I know I am repetitive, but I really think the "troubleshooting" section is probably the most useful part of this kind of blogs 🙂 so I'd like to share two issues I faced with this kind of setup. Unfortunately in both cases, we see the same generic error message:

ERROR: Could not connect to the Hadoop cluster. ERROR: The action stopped due to errors.

SAS Plugins scripts Permissions (with Hortonworks HDP 2.5)

During the remote SASHDAT load, two type of scripts (which are part of the Hadoop plugins component deployed on the remote Hadoop cluster) are executed: "start-namenode-cas-hadoop.sh" and "start-datanode-cas-hadoop.sh" are executed.

Under specific conditions (reboot for example) it is possible that the execution permissions on these script are lost and that it is required to fix them to be able to perform the remote SASHDAT load.

So it is always a good idea check the permissions with a command like :

# for h in sashdp0{1..4};do ssh $h "hostname;ls -l /usr/hdp/current/hadoop-client/bin/start*cas*sh";done

Missing JAVA_HOME (with Cloudera 5.10)

The other issue was observed with the SASHDAT plugins deployed as parcels packages in Cloudera. We had the same generic error message, but nothing else. So a great tip when debugging the SAS Plugins for Hadoop (even in co-located mode) is to open one of the two scripts discussed above and to activate a trace.

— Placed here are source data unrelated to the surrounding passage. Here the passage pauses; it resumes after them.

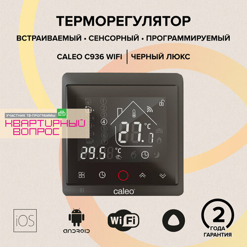 Купить Терморегулятор/термостат CALEO С936 Wi-Fi Black Lux встраиваемый, цифровой, программируемый, 3,5 кВт с доставкой по всей России. Терморегулятор/термостат CALEO С936 Wi-Fi Black Lux встраиваемый, цифровой, программируемый, 3,5 кВт: сравнение цен, характеристики, фото, актуальное наличие и цены.
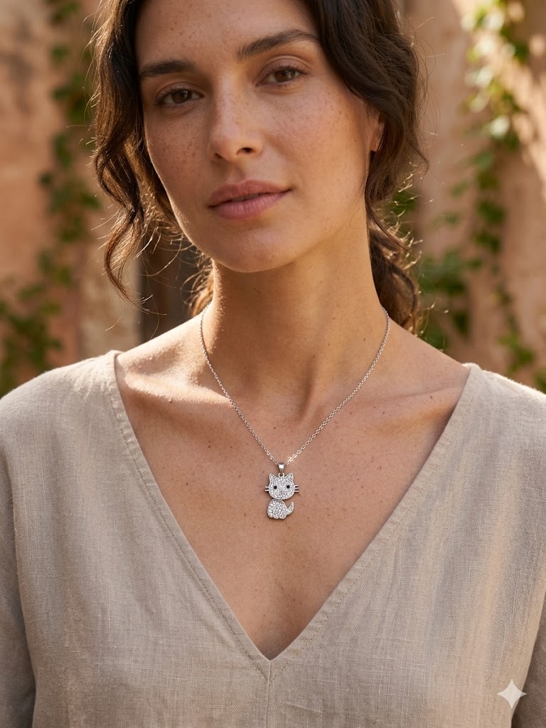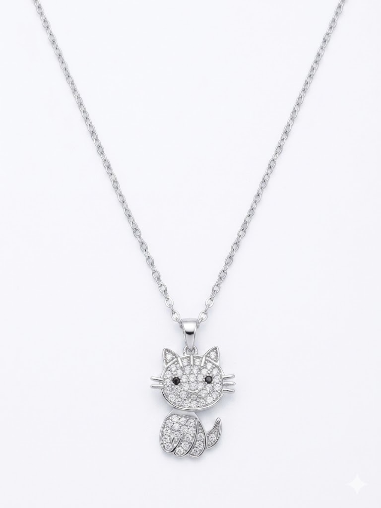 Celebra tu amor por los felinos con este adorable collar de plata. El colgante presenta un gato sentado en una postura graciosa, meticulosamente adornado con circonitas brillantes que capturan la luz con cada movimiento. Dos circonitas negras más pequeñas actúan como ojos, añadiendo un toque de expresión y encanto a este diseño juguetón. El colgante cuelga de una delicada cadena de eslabones de alta calidad, perfecta para el uso diario o para regalar a cualquier amante de los gatos. Su diseño atemporal y elegante lo convierte en un accesorio versátil para cualquier ocasión.
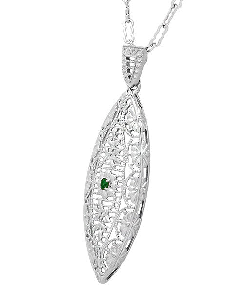 Delicate filigree flowers and leaves and nature inspired engraving lavishly decorate this beautiful 1920's leaf shaped emerald necklace in solid sterling silver. Artisan crafted from an original antique Art Deco emerald pendant design, it features a natural deep green emerald ( May Birthstone ) at the center of the leaf, accented with a lovely filigree border on the outside edges of the piece.
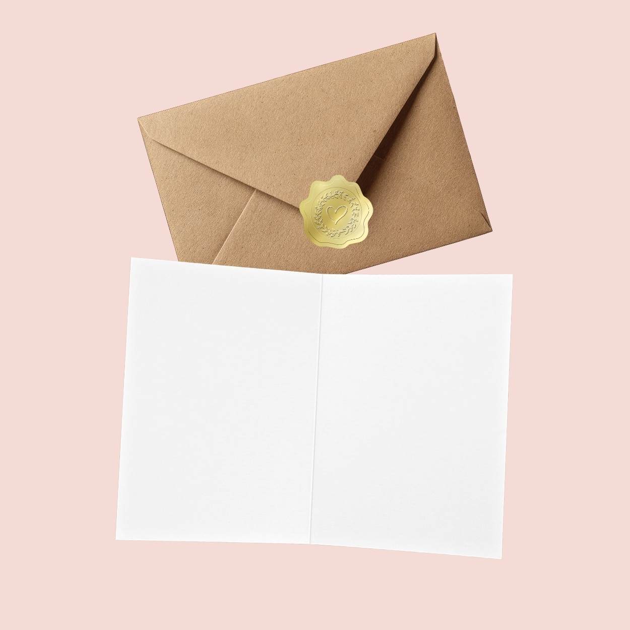 Incluye un sobre de papel Kraft marrón y un sticker de corazón dorado para sellar el sobre.
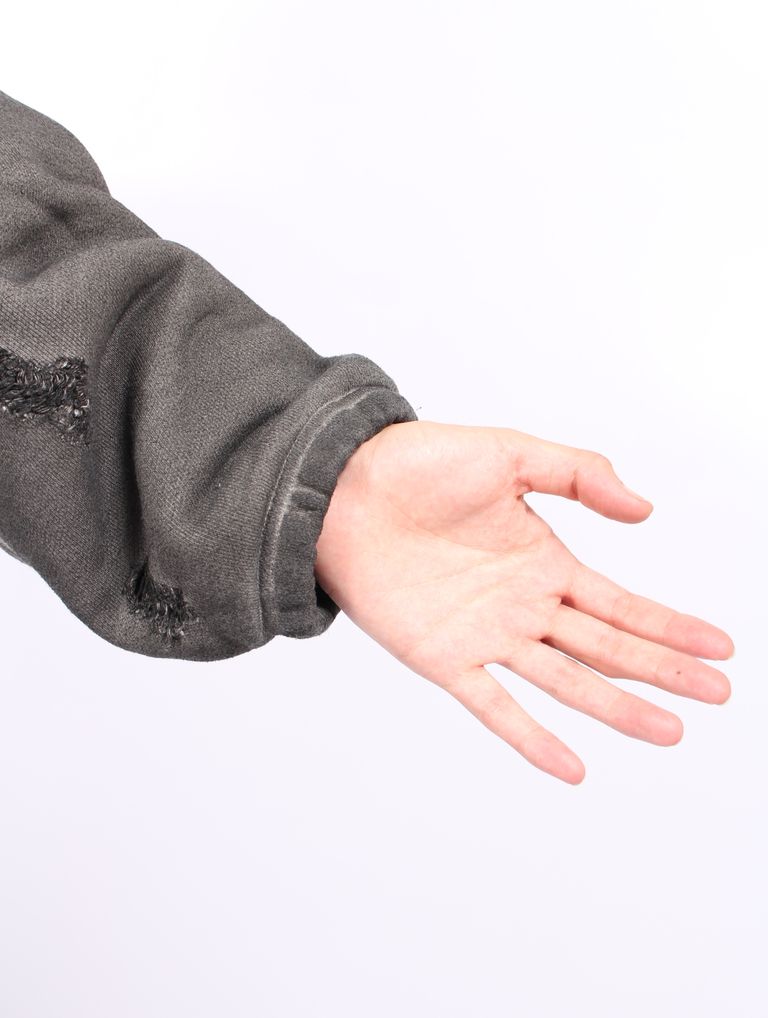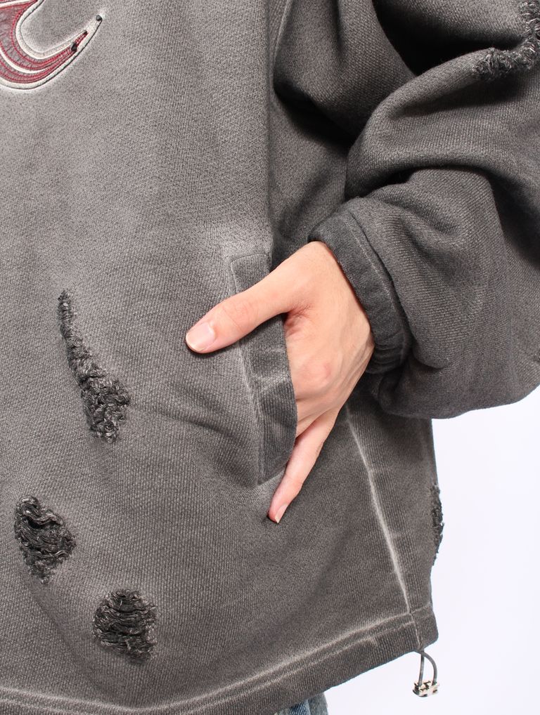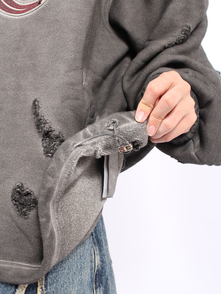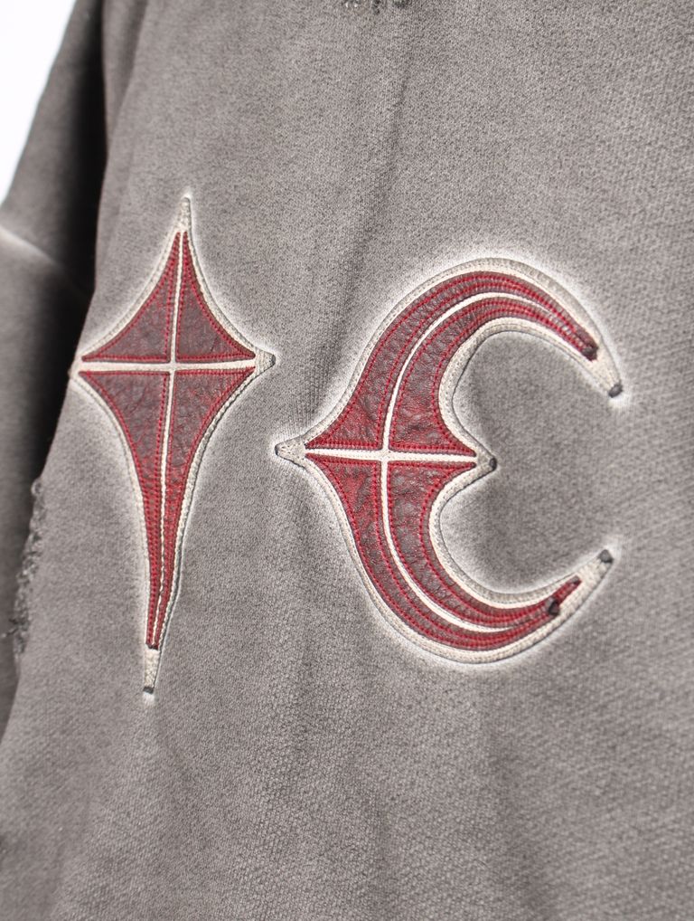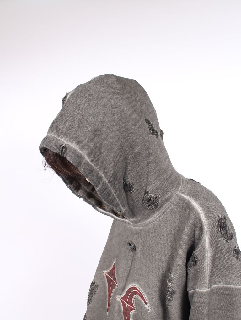 【25AW】ロック フーディー TCロゴ レザー ダメージ加工 パーカー / ROCK HOODIE / グレー

$ cat start-namenode-cas-hadoop.sh

#!/bin/sh

if [ "$1" ];

then export HADOOP_HOME=$1

fi

cd $HADOOP_HOME

if [ "$HADOOP_CAS_STDERR_LOG" = "" ]

  then export HADOOP_CAS_STDERR_LOG=/dev/null

fi

bin/hadoop 2>$HADOOP_CAS_STDERR_LOG com.sas.cas.hadoop.NameNodeService

As you can see there is this HADOOP_CAS_STDERR_LOG variable that you can redirect in a temporary location (replace /dev/null with a file location) to see what is exactly the issue.

So once we enabled this trace, we saw an error message complaining about missing JAVA_HOME !

And indeed checking with : "which java" and "echo $JAVA_HOME", we soon realized that our user did not have any way to call java (which is required to launch the command in the start-namenode-cas-hadoop.sh script...).

Cloudera is using a specific "cloudera" named path for his JDK which was not available in the script execution context.

As a consequence we amended all the "start-namenode-cas-hadoop.sh" and "start-datanode-cas-hadoop.sh" scripts on the hadoop nodes by explicitly placing an additional line:

export JAVA_HOME=/usr/java/jdk1.7.0_67-cloudera

And then the remote SASHDAT load worked like a charm !

Finally, during your troubleshooting, when you perform the remote SASHDAT load you might notice messages like below in your CAS Controller logs:

/opt/sas/viya/home/SASFoundation/utilities/bin/start-namenode-cas-hadoop.sh: line 7: cd: /opt/cloudera/parcels/CDH/lib/hadoop: No such file or directory

Don't follow this track, this message is expected in Viya 3.2 with the Remote HDFS topology (as the Hadoop binaries are not present on the CAS machines) and not at all harmful. You can simply ignore them.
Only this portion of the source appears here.